Here I was, less than a week after meeting my Muse and I was already giving my morning away to the ordinary, aka, my teeth. As I drove to the dentist, I promised my Muse that I was hers for the whole afternoon and evening.
I don’t usually make appointments for the morning, I told Sue, the new dental hygienist, “I don’t want to piss off my Muse.”
This isn’t completely true. It’s something I aspire to, but am not always successful at. Normally, I would have been embarrassed to say such at thing. But I want it to be true and saying it out loud to a stranger made me take it more seriously.
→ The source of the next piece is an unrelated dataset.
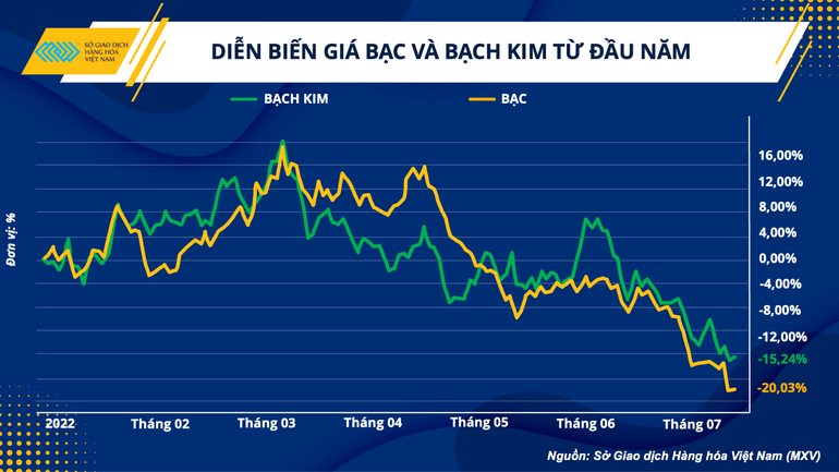 Theo Sở Giao dịch Hàng hoá Việt Nam (MXV), chỉ số MXV-Index kim loại đã đánh mất gần 400 điểm xuống còn 1.503,76 điểm kể từ đầu năm cho tới nay, tương đương với mức giảm 20%. Kể từ khi FED tăng lãi suất lần đầu tiên trong năm vào giữa tháng 3 sau 2 năm duy trì chính sách tiền tệ nới lỏng, giá bạc và bạch kim đã đánh mất lần lượt khoảng 28% và 25% giá trị. Hiện tại, giá bạc đang dao động quanh mức 18 USD/ounce, trong khi bạch kim suy yếu xuống khoảng 817 USD/ounce. Cả hai mặt hàng này đều đang ở vùng giá thấp nhất trong vòng 2 năm qua.

Also, I hoped my Muse was listening.
Strangely though, Sue knew what I was talking about. “Is the morning your most creative time?” she asked me.
I’ve always been a morning person, but for the first time I thought that maybe I was more creative in the morning because I’m closer to sleep. A time when the sub-conscious takes over and the brain thinks in metaphors.
This exchange lead to a conversation about art and creativity. Sue even recommend a movie I’ve never heard of, The Price of Everything, a documentary about the contemporary art market.
It was the most interesting conversation I’ve had at the dentist office in years.
My Muse must have been satisfied, because although I got a slow start, I did design some potholders this afternoon.
I’m thinking I’d like to work on my Fabric Painting tomorrow but I also have one more pillow to make for Linda. So I have a choice in the morning, unless something else comes along that wants to be made between now and then.
What ever I decide to do, I’ll be in my studio tomorrow morning being loyal to my inner vision.